* [Work request]: What this exercise needs is every entry restated as written, with no pictures.

* [Records from a data source]:
◇ ◇ ◇ ◇

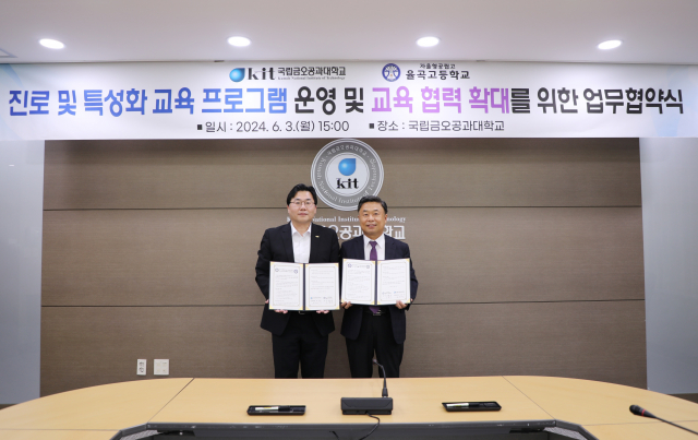 국립금오공대 입학처(처장 김우석)가 3일 대학 본관 중회의실에서 김천 율곡고(교장 김형욱)와 진로 및 특성화 교육지원 체제 구축을 위한 업무협약을 체결했다.
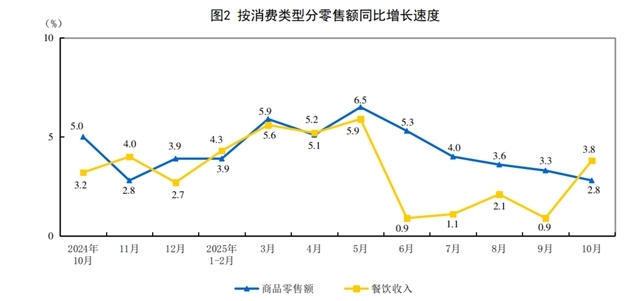 按消费类型分,10月份,商品零售额41092亿元,同比增长2.8%;餐饮收入5199亿元,增长3.8%。1—10月份,商品零售额365981亿元,增长4.4%;餐饮收入46188亿元,增长3.3%。
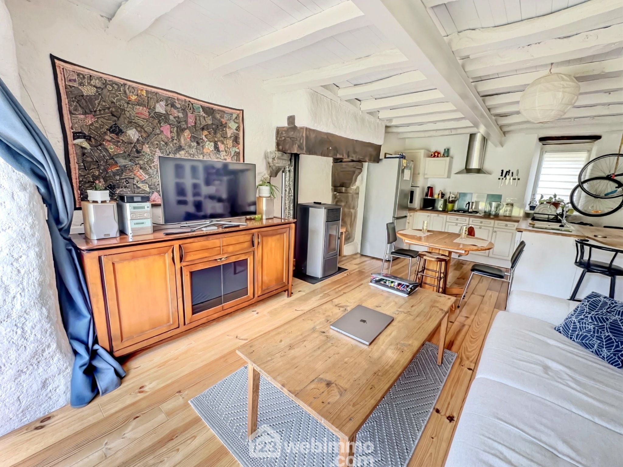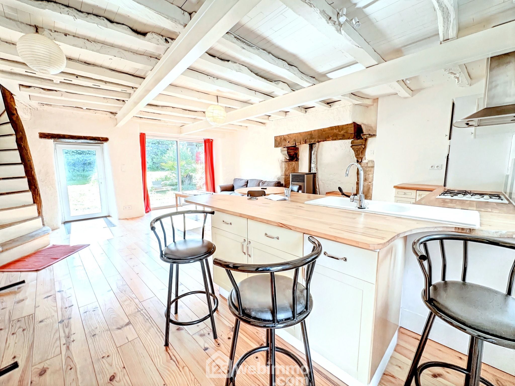Dès l’entrée, le charme opère : poutres apparentes, parquet en pin, cheminée en pierre, et une belle lumière traversante qui rend le salon accueillant toute l’année. La cuisine ouverte, moderne et équipée, prolonge l’ambiance conviviale : un espace pensé pour cuisiner, recevoir, partager.
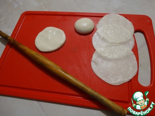 Вот тут выяснилось, что скалка скалке рознь! Обычная большая не подошла, слишком грубо работает. А узенькая, доставшаяся от бабушки, великолепно раскатывает наше "тесто". Так как сырное тесто имеет свойство быстро твердеть и рваться, а без опыта и сноровки получаемые лепешки не совсем аккуратные, решила обрезать края по размеру пиалы. Заодно и размер лепешек, к моей радости, получился одинаковый. Правда, настоящие грузинские сулугунные лепешки несколько больше моих, поэтому, мои и мини.
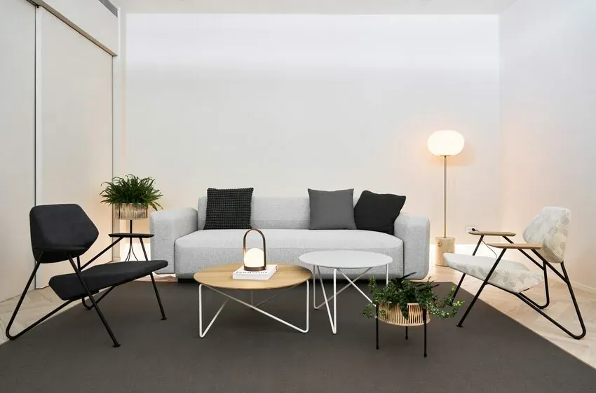 彎曲金屬桌腳匹配現代主義設計,從側面觀看三角形桌腳,隨著觀賞者角度移動,底部的3個三角形就會重疊成幾合3D圖景,十分獨特趣味。
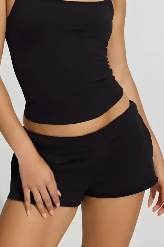 Black Mid-Rise Solid Shorts
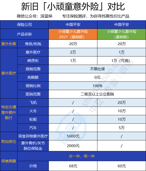 小小说明一下,小顽童少儿意外险2021就是由小顽童旧版升级而来的,因此放在一起对比。
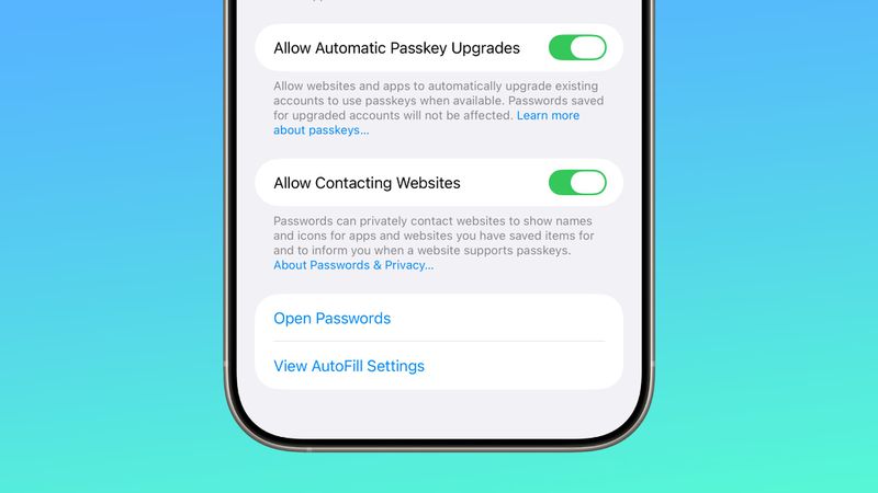 - L’app Password guadagna l’opzione “Allow Contacting Websites” (lett. Consenti contatto ai siti Web) che consente all’app di contattare i siti Web per mostrare i nomi e le icone delle app e dei sisti Web stesso e far sapere all’utente se quell’app o quel sito supporta le passkey.
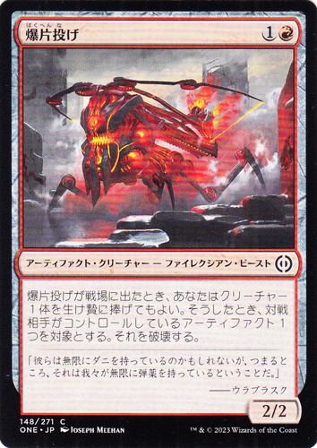 ![]() ![]() | ONE 148 爆片投げ アーティファクト・クリーチャー ファイレクシア:完全なる統一 C 色:赤 サブタイプ:ファイレクシアン・ビースト マナコスト:(1)(赤) パワー:2 タフネス:2 爆片投げが戦場に出たとき、あなたはクリーチャー1体を生け贄に捧げてもよい。そうしたとき、対戦相手がコントロールしているアーティファクト1つを対象とする。それを破壊する。 「彼らは無限にダニを持っているのかもしれないが、つまるところ、それは我々が無限に弾薬を持っているということだ。」 ――ウラブラスク illust:JOSEPH MEEHAN |
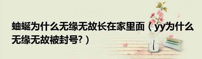 大家好,今天小悦来为大家解答以上问题。蚰蜒为什么无缘无故长在家里面,yy为什么无缘无故被封号?很多人还不知道,现在让我们一起来看看吧!
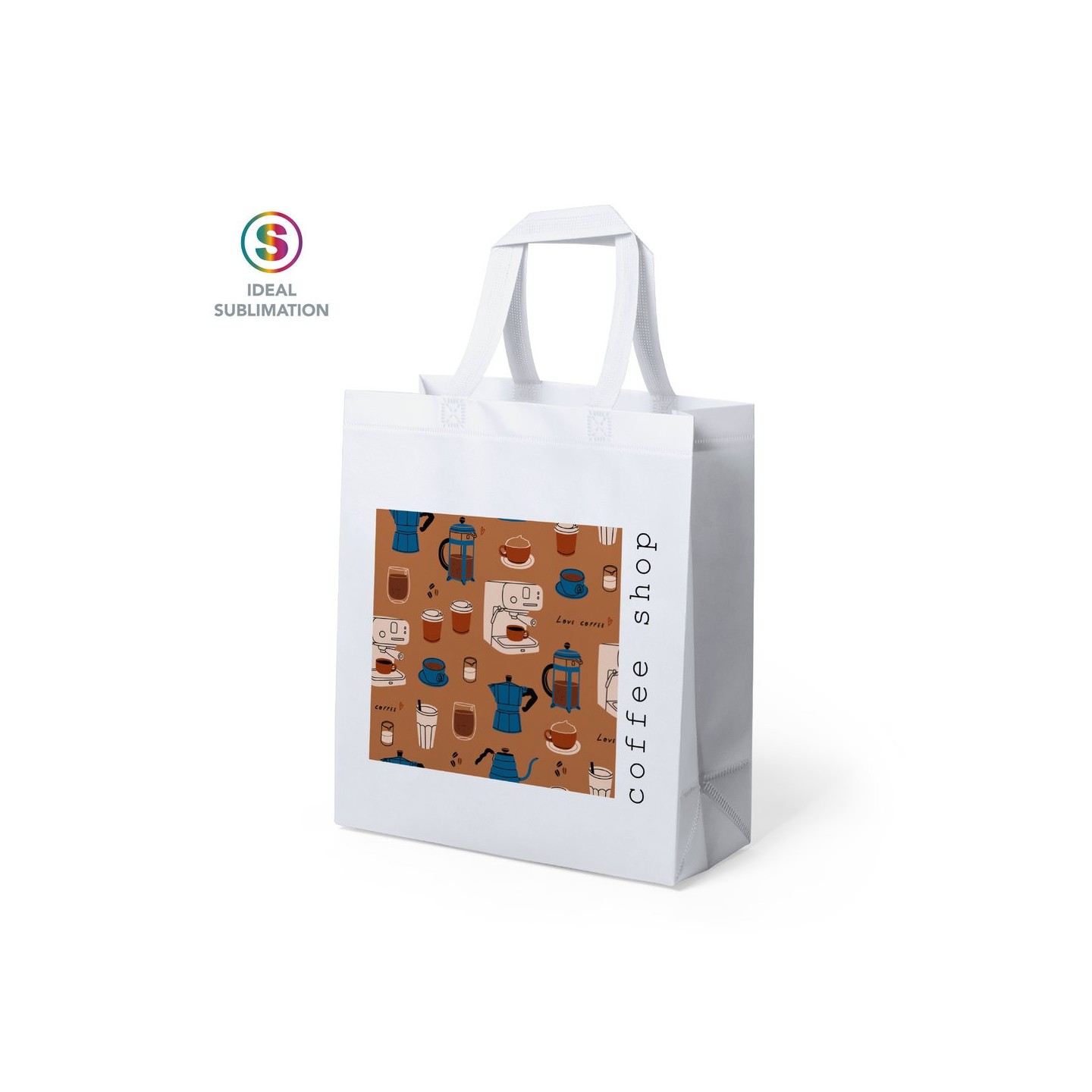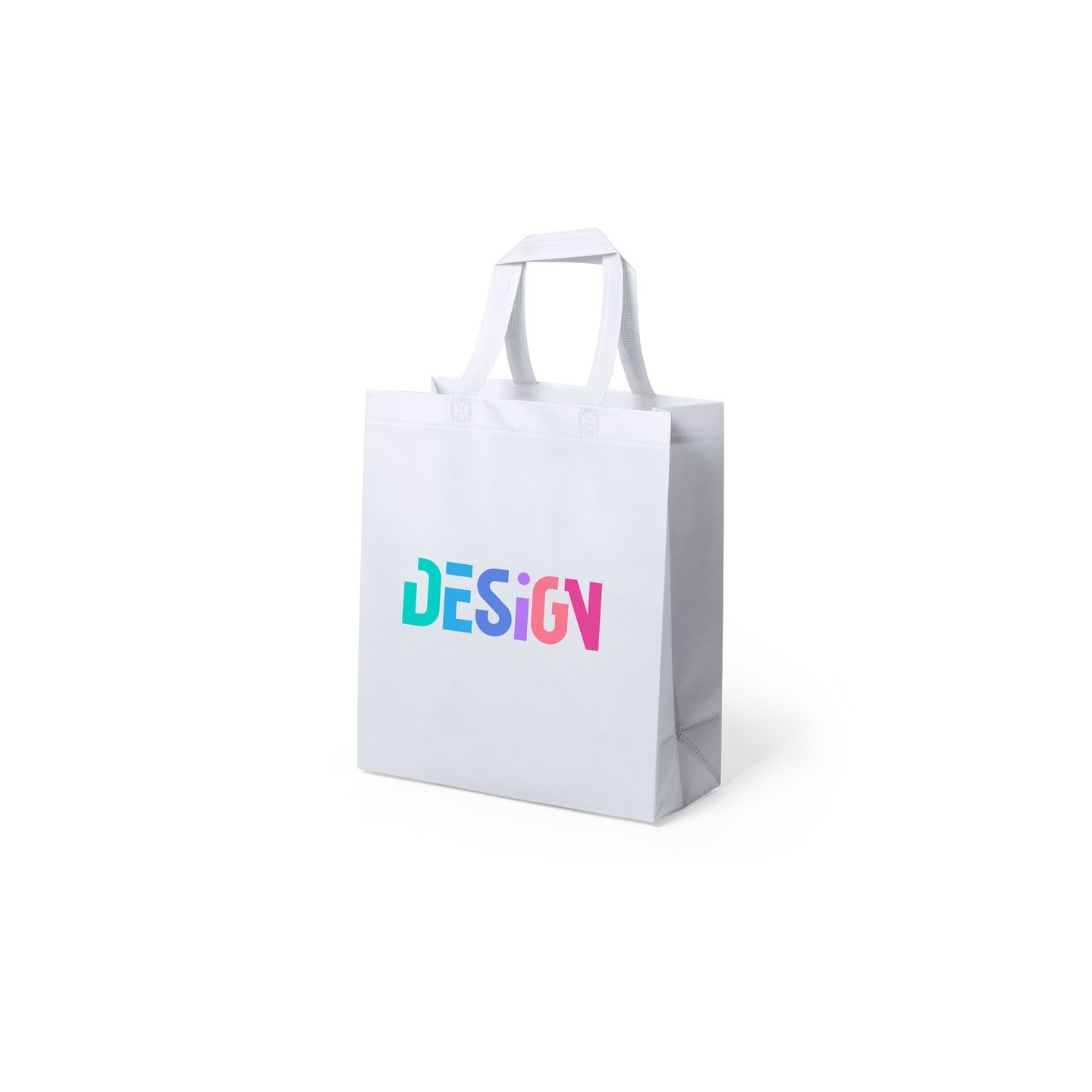 Bolsa en non-woven de 70g/m2, diseñada para marcaje en sublimación. Acabado termosellado, con fuelle y asas cortas reforzadas. Resistencia hasta 8 kg de peso.
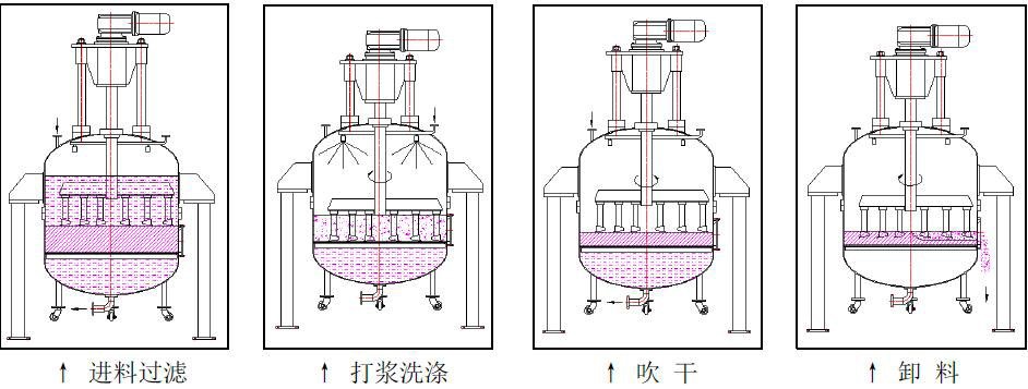 過濾、洗滌“二合一”設備是在過濾、洗滌、干燥“三合一”設備的基礎上簡化后的產品。在一個密閉容器內完成過濾、洗滌二道工序,主要用于醫藥行業,解決了易燃、易爆、有毒產品的連續生產,特別適應洗滌效果要求較高的物料,并且能夠減輕操作過程的勞動強度,減少了成品的損耗。

◇ ◇ ◇ ◇

* [Response]:
 국립금오공대 입학처(처장 김우석)가 3일 대학 본관 중회의실에서 김천 율곡고(교장 김형욱)와 진로 및 특성화 교육지원 체제 구축을 위한 업무협약을 체결했다.
 按消费类型分,10月份,商品零售额41092亿元,同比增长2.8%;餐饮收入5199亿元,增长3.8%。1—10月份,商品零售额365981亿元,增长4.4%;餐饮收入46188亿元,增长3.3%。
Dès l’entrée, le charme opère : poutres apparentes, parquet en pin, cheminée en pierre, et une belle lumière traversante qui rend le salon accueillant toute l’année. La cuisine ouverte, moderne et équipée, prolonge l’ambiance conviviale : un espace pensé pour cuisiner, recevoir, partager.
 Вот тут выяснилось, что скалка скалке рознь! Обычная большая не подошла, слишком грубо работает. А узенькая, доставшаяся от бабушки, великолепно раскатывает наше "тесто". Так как сырное тесто имеет свойство быстро твердеть и рваться, а без опыта и сноровки получаемые лепешки не совсем аккуратные, решила обрезать края по размеру пиалы. Заодно и размер лепешек, к моей радости, получился одинаковый. Правда, настоящие грузинские сулугунные лепешки несколько больше моих, поэтому, мои и мини.
 彎曲金屬桌腳匹配現代主義設計,從側面觀看三角形桌腳,隨著觀賞者角度移動,底部的3個三角形就會重疊成幾合3D圖景,十分獨特趣味。
 Black Mid-Rise Solid Shorts
 小小说明一下,小顽童少儿意外险2021就是由小顽童旧版升级而来的,因此放在一起对比。
 - L’app Password guadagna l’opzione “Allow Contacting Websites” (lett. Consenti contatto ai siti Web) che consente all’app di contattare i siti Web per mostrare i nomi e le icone delle app e dei sisti Web stesso e far sapere all’utente se quell’app o quel sito supporta le passkey.
 ![]() ![]() | ONE 148 爆片投げ アーティファクト・クリーチャー ファイレクシア:完全なる統一 C 色:赤 サブタイプ:ファイレクシアン・ビースト マナコスト:(1)(赤) パワー:2 タフネス:2 爆片投げが戦場に出たとき、あなたはクリーチャー1体を生け贄に捧げてもよい。そうしたとき、対戦相手がコントロールしているアーティファクト1つを対象とする。それを破壊する。 「彼らは無限にダニを持っているのかもしれないが、つまるところ、それは我々が無限に弾薬を持っているということだ。」 ――ウラブラスク illust:JOSEPH MEEHAN |
 大家好,今天小悦来为大家解答以上问题。蚰蜒为什么无缘无故长在家里面,yy为什么无缘无故被封号?很多人还不知道,现在让我们一起来看看吧!
 Bolsa en non-woven de 70g/m2, diseñada para marcaje en sublimación. Acabado termosellado, con fuelle y asas cortas reforzadas. Resistencia hasta 8 kg de peso.
 過濾、洗滌“二合一”設備是在過濾、洗滌、干燥“三合一”設備的基礎上簡化后的產品。在一個密閉容器內完成過濾、洗滌二道工序,主要用于醫藥行業,解決了易燃、易爆、有毒產品的連續生產,特別適應洗滌效果要求較高的物料,并且能夠減輕操作過程的勞動強度,減少了成品的損耗。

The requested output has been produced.